• INSTRUCTIONS FOR THE TASK:
Copy the following data exactly and drop the pictures.

• RECORDED DATA:
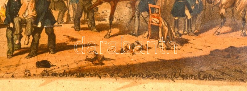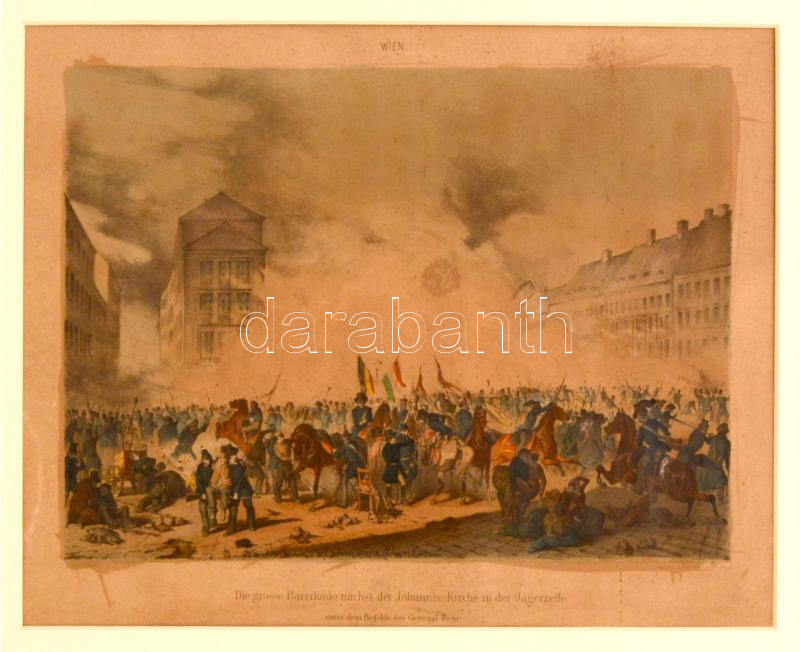 B. Bachmann-Hohmann (XIX. sz. második fele) - G. Veith - L. Förster: A nagy barikád a Szent János templom mellett, vadász ezreddel a sorok között, Bem tábornok parancsnoksága alatt, papír, színezett litográfia, jelzett a metszetten, paszpartuban, 27x35 cm./ B. Bachmann-Hohmann (Second part of the 19th century) - G. Veith - L. Förster:The great barricade next to the St. John's Church in the Hunter line under the command of General Bem, paper, colored litography, signed on the litography, in paspartu, 27x35 cm.
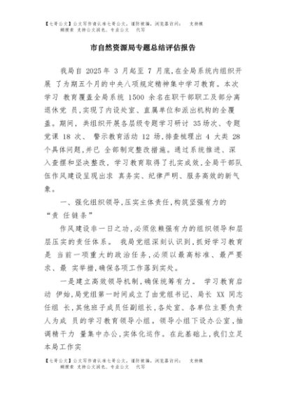 / 【七哥公文】2025年:市自然资源局专题总结评估报告+更多免费公文+VX:QiGeGongWen2024
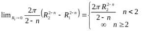 Интеграл второго рода6 определяют как предел последовательности интегралов от непрерывной функции по «расширяющимся» областям, стремящимся к заданной области и исключающим точку разрыва. Если предел существует и конечен, то интеграл называется сходящимся, если предел не существует или бесконечен, то интеграл называется расходящимся.
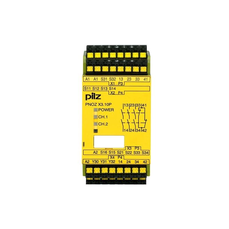 Safety relay (standalone) Inputs: 1-/2-channel wiring with/without detection of shorts across contacts Outputs: 3 N/O, 1 N/C, 1 semiconductor. Automatic/monitored start UB 24 V AC/DC, width: 45 mm, plug-in spring-loaded terminals. Monitoring E-STOP, safety gates. Sidewards compatibility with PNOZ X3.

• RESPONSE TO THE EXERCISE:
 B. Bachmann-Hohmann (XIX. sz. második fele) - G. Veith - L. Förster: A nagy barikád a Szent János templom mellett, vadász ezreddel a sorok között, Bem tábornok parancsnoksága alatt, papír, színezett litográfia, jelzett a metszetten, paszpartuban, 27x35 cm./ B. Bachmann-Hohmann (Second part of the 19th century) - G. Veith - L. Förster:The great barricade next to the St. John's Church in the Hunter line under the command of General Bem, paper, colored litography, signed on the litography, in paspartu, 27x35 cm.
 / 【七哥公文】2025年:市自然资源局专题总结评估报告+更多免费公文+VX:QiGeGongWen2024
 Интеграл второго рода6 определяют как предел последовательности интегралов от непрерывной функции по «расширяющимся» областям, стремящимся к заданной области и исключающим точку разрыва. Если предел существует и конечен, то интеграл называется сходящимся, если предел не существует или бесконечен, то интеграл называется расходящимся.
 Safety relay (standalone) Inputs: 1-/2-channel wiring with/without detection of shorts across contacts Outputs: 3 N/O, 1 N/C, 1 semiconductor. Automatic/monitored start UB 24 V AC/DC, width: 45 mm, plug-in spring-loaded terminals. Monitoring E-STOP, safety gates. Sidewards compatibility with PNOZ X3.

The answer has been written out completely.